After the humiliating defeat in 2016, Congress is focusing on improvement of its structural base and make its grassroots strong. Already, Congress has been working on connecting people at every district of the state. With the strong 26,000 booth, party workers have started its door-to-door activities. Pada-Yatra, initial publicity works have been started from now.
On the other hand, in just 5 years, theBJP’s membership in Assam has increased more than twenty-fold from just about 2.5 lakhs to nearly 60 lakhs. Most of the urban local bodies are with BJP, including most major towns. For the first time, the BJP had contested the Bodoland Territorial Council elections, and won a seat.
Electoral change and the unstable road to Dispur
The assembly elections of 2016 were held in two phases with 65 seats and 61 seats respectively. While the first phase of the election covered largely the constituencies of upper Assam and Barak Valley, the second phase of elections was held primarily for the lower Assam assembly seats. The BJP, AGP and Bodo Peoples’ Front (BPF) fought on a common platform under NDA (National Democratic Alliance) whereas the Congress had an alliance with the United People’s Party (UPP) in the BTAD.

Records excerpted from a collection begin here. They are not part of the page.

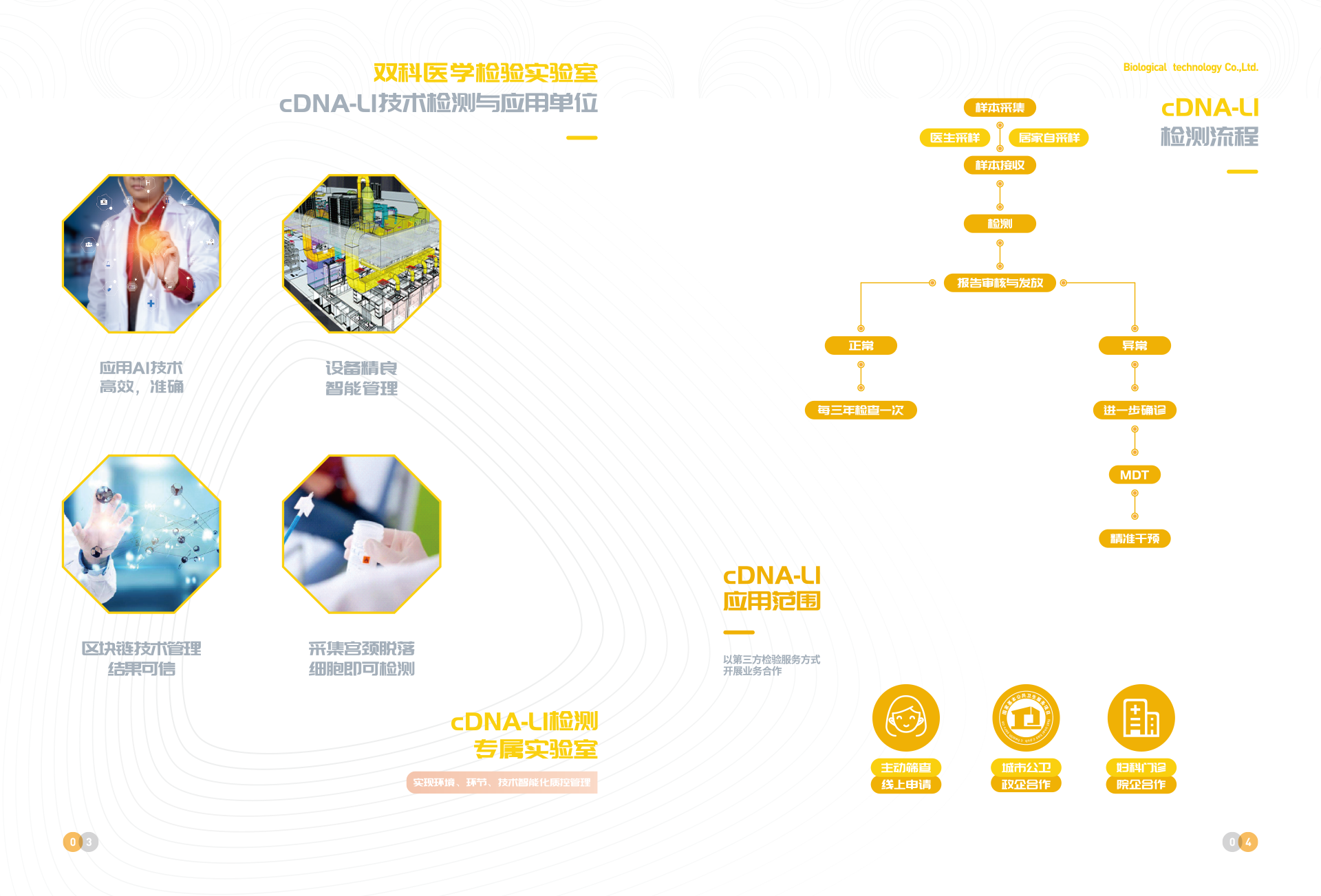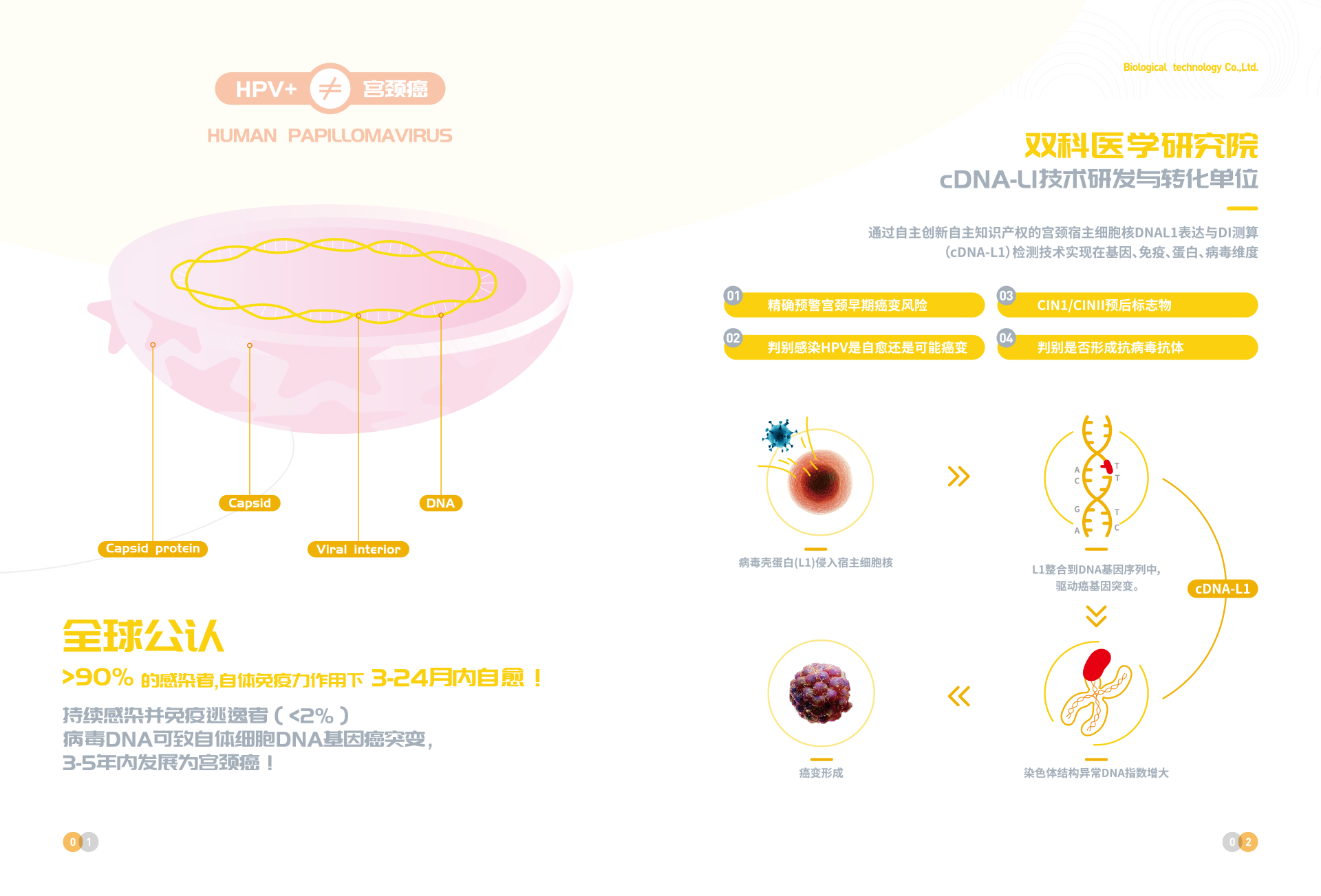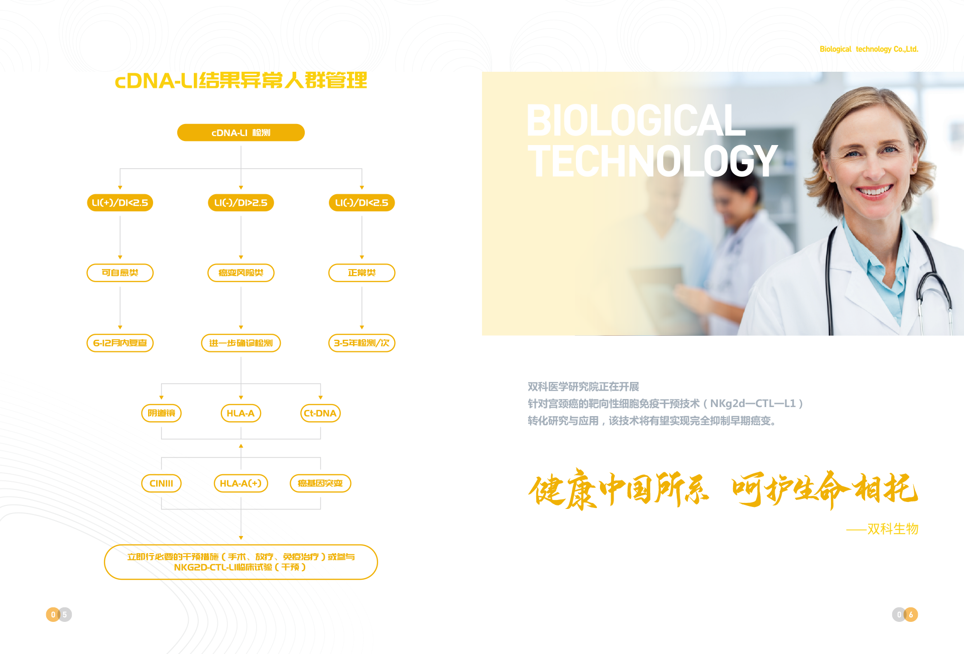 深圳市雙科生物科技有限公司創立于2012年12月12日,是按照國家“十二五”、“十三五”科技創新規劃、《中國防治慢性病中長期規劃(2017-2025年)》與《“健康中國2030”規劃綱要》等政策要求,以“健康中國所系,呵護生命相托”為公司使命,在“十二五”及“十三五”期間公司先后完成技術體系建模與試運行、服務體系構建與運行、腫瘤綜合防控體系建立與實施,在高新生物技術領域,形成了具有完全自主創新與獨立知識產權的常見腫瘤液態活檢技術、體細胞技術、醫學AI技術、宮頸癌預警cDNA-L1技術、腦卒中早期預警MTHFR/MTRR技術 、 N-MDT技術、“防-控`-?!奔夹g等和服務體系。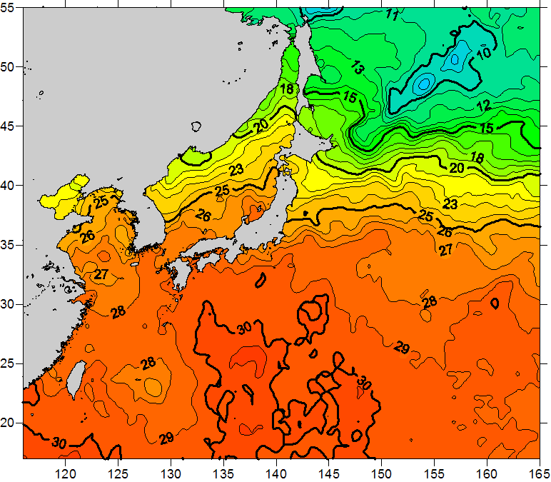 o 2010년 09월 19일 북서태평양 광역해양 수온분포 입니다. o 아래 위성 수온분포도는 국립수산과학원(NFRDI, Korea)과 일본동북대학교 (Tohoku University, Japan)가 공동연구개발 진행중, 1차 연구결과인 것으로 구름의 영향을 배제한 신기술의 수온정보입니다.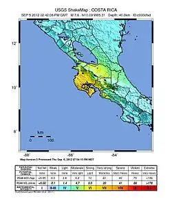 - ^ "Magnitude 7.6 – COSTA RICA: Technical". United States Geological Survey. 2012-09-05. Retrieved 2012-09-05.
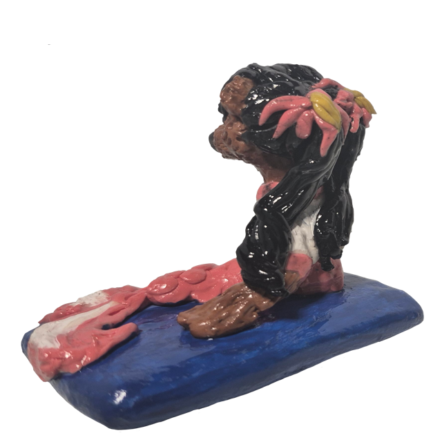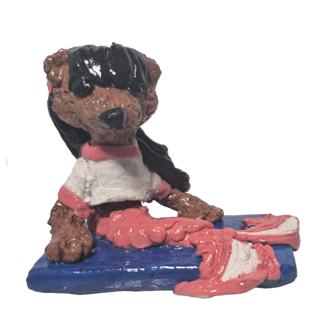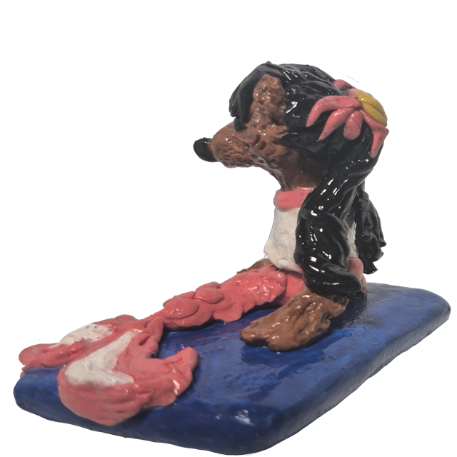 Mer-Teddy Figurine is a hand sculpted figurine. Made of cold porcelain. This little mermaid teddy bear is just taking a break after a long day of swimming.

The BJP-led alliance showed a formidable performance in the first phase with BJP winning 38 seats and its allies winning 10 seats out of the 65 seats. In the second phase, again BJP got the lead with 22 seats and the allies won 16 seats out of 61 seats.
The NDA won 74 percent seats in the first phase and 62 percent seats in the second phase. A phase-wise breakup of the election results indicates that the BJP emerged stronger in upper Assam and the Barak Valley where it got considerably more seats than its allies. In lower Assam, NDA’s alliance partner BPF could retain its previously held seats.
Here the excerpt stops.